Dass der Kläger dieses den Beklagten mit dem Eintritt des Erbfalls zugefallene Anwartschaftrecht („Voranfall der Nacherbschaft“; vgl. Palandt/Weidlich, aaO.) nicht mehr durch einseitige Rechtshandlungen oder Erklärungen entziehen konnte, bedarf keiner Vertiefung.
Die Frage, ob etwaige Rechte des Klägers insoweit nicht bereits durch Konsolidation erloschen sind (arg. § 2143 BGB) oder ob die diese Erlöschenswirkungen voraussetzende Regelung von § 2143 BGB in entsprechender Anwendung der Überlegungen des Bundesgerichtshofes mit Urteil vom 01.06.1967 – II ZR 150/66 – (BGHZ 48, 214ff. = NJW 1967, 2399f.) im vorliegenden Fall anwendbar sind, kann nach alledem offengelassen werden.
d) Ein Anspruch des Klägers auf Bewilligung der Löschung kann schließlich nicht aus § 894 BGB abgeleitet werden, da das auf Seite 3 dieses Urteils näher zitierte Grundbuch nicht unrichtig ist.
Der Nacherbenvermerk beruht vielmehr auch materiell-rechtlich auf der wirksamen testamentarischen Anordnung der Erblasserin (oben unter 1.a) und 1.c)). Schon in Ermangelung eines Rücktritterwerbsrechtes des Klägers (oben unter 1.a) und 1.b)) konnte dieser den Eintritt dieser Rechtswirkungen nicht durch sein Rückerwerbsverlangen wieder beseitigen (oben unter 1.c)).

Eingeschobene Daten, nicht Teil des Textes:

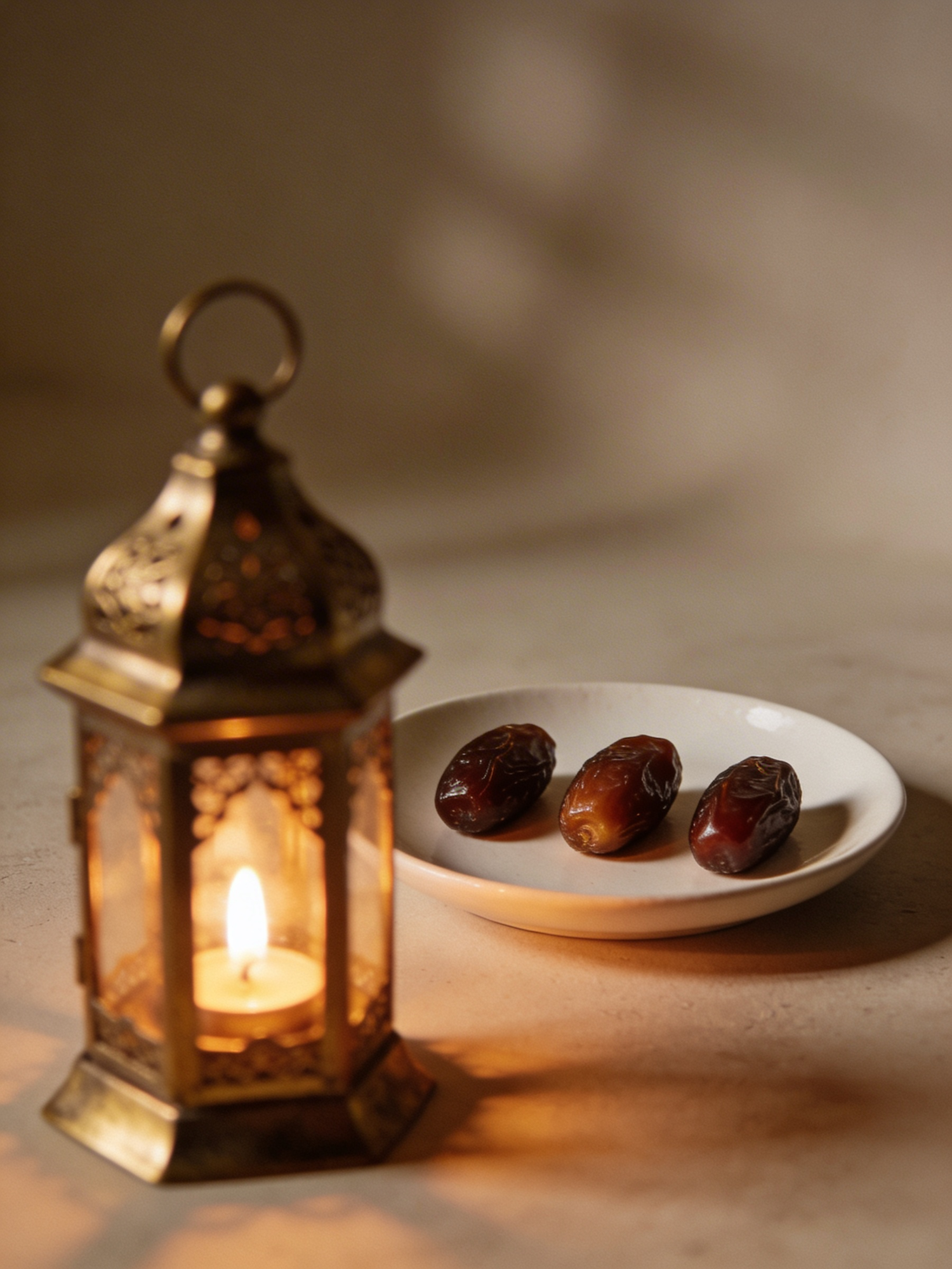A high‑definition Ramadan editorial scene. A small brass lantern emits a soft warm glow beside a simple ceramic plate holding three dates arranged with precision. The background is neutral and uncluttered, with soft shadows and a calm, atmospheric feel. No text, no logos.

Im Übrigen wären derartige Erklärungen gegenüber der Erblasserin als Vertragspartnerin des Klägers aus dem notariellen Vertrag vom 03.09.1997 abzugeben gewesen (arg. §§ 349, 2296 Abs.2 Satz 1 BGB; vgl. auch BGH NZI 2018, 22, 24 Rd.32).
2. Der die vollstreckungsrechtliche Umsetzung des Klageantrages zu 1. sicherstellende Klageantrag zu 2. (vgl. §§ 894 Abs.1 Satz 2, 726 Abs.2 ZPO) hat aus den Erwägungen zu 1. keinen Erfolg.

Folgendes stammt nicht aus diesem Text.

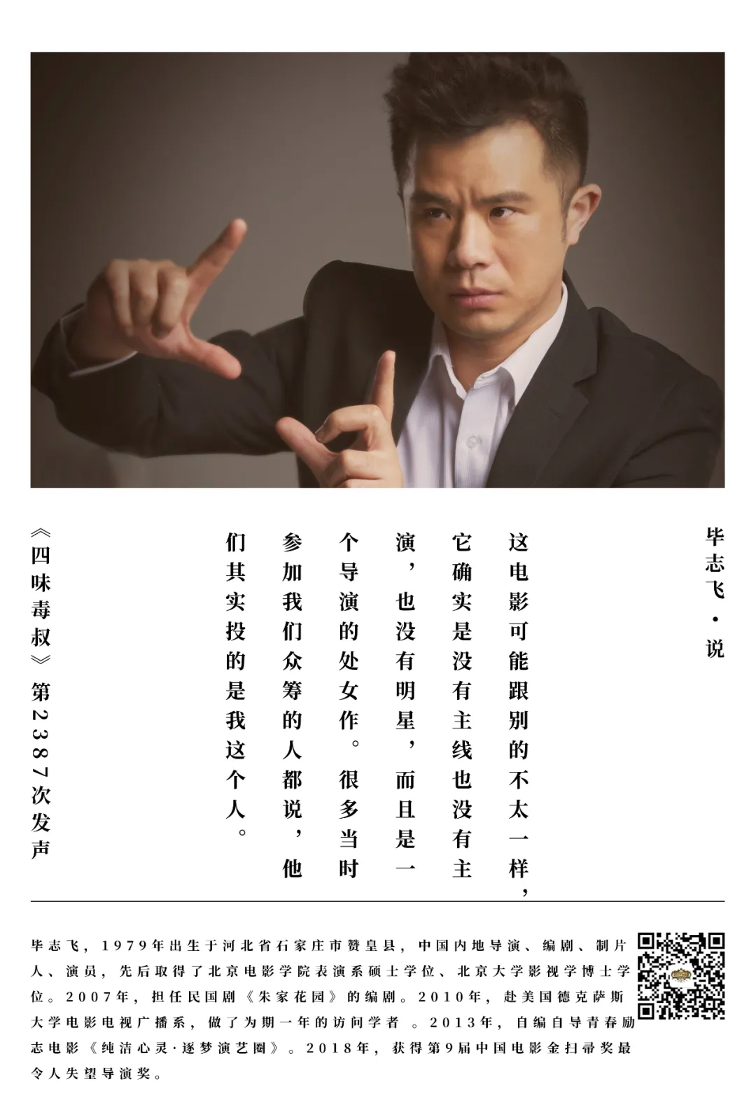 **汪海林:**歡迎來到《四味毒叔》。今天我們來了一位特別的嘉賓,他是創造豆瓣歷史上評分最低的爛片導演——畢志飛。畢導,你好!
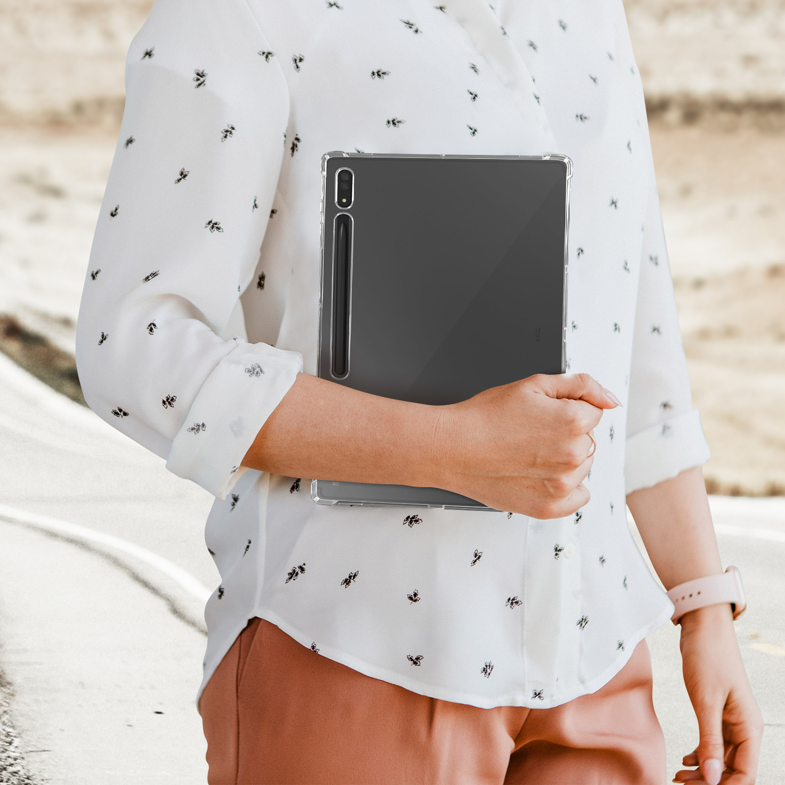 Coque Samsung Galaxy Tab S8 Ultra. Élaborée en silicone gel souple. Coins renforcés pour une meilleure absorption des chocs. Dos transparent. Design léger pour une prise en main aisée et un rangement facile. Fonctionnalités accessibles.

3. Auch der mit dem Klageantrag zu 3. formulierte Hilfsantrag ist nicht begründet, da es sowohl an einem Rückübertragungsrecht (vgl. oben unter 1,.a) und b)) als auch an dessen wirksamer Ausübung durch den Kläger (vgl. oben unter 1.d)) fehlt.
Die Kostenentscheidung beruht auf § 91 Abs.1 ZPO, der Ausspruch zur vorläufigen Vollstreckbarkeit auf § 709 ZPO.
Streitwert: bis 205.000,00 €.
Die Bemessung des Streitwertes entspricht den Erwägungen aus dem Beschluss vom 13.03.2018 (Bl.64 d.A.), mit der Maßgabe, dass sich der zurückgewährende Kaufpreis auf 400.000,00 DM verdoppelt hat (vgl. Klägerschriftsatz vom 04.06.2018 = Bl.95 d.A.).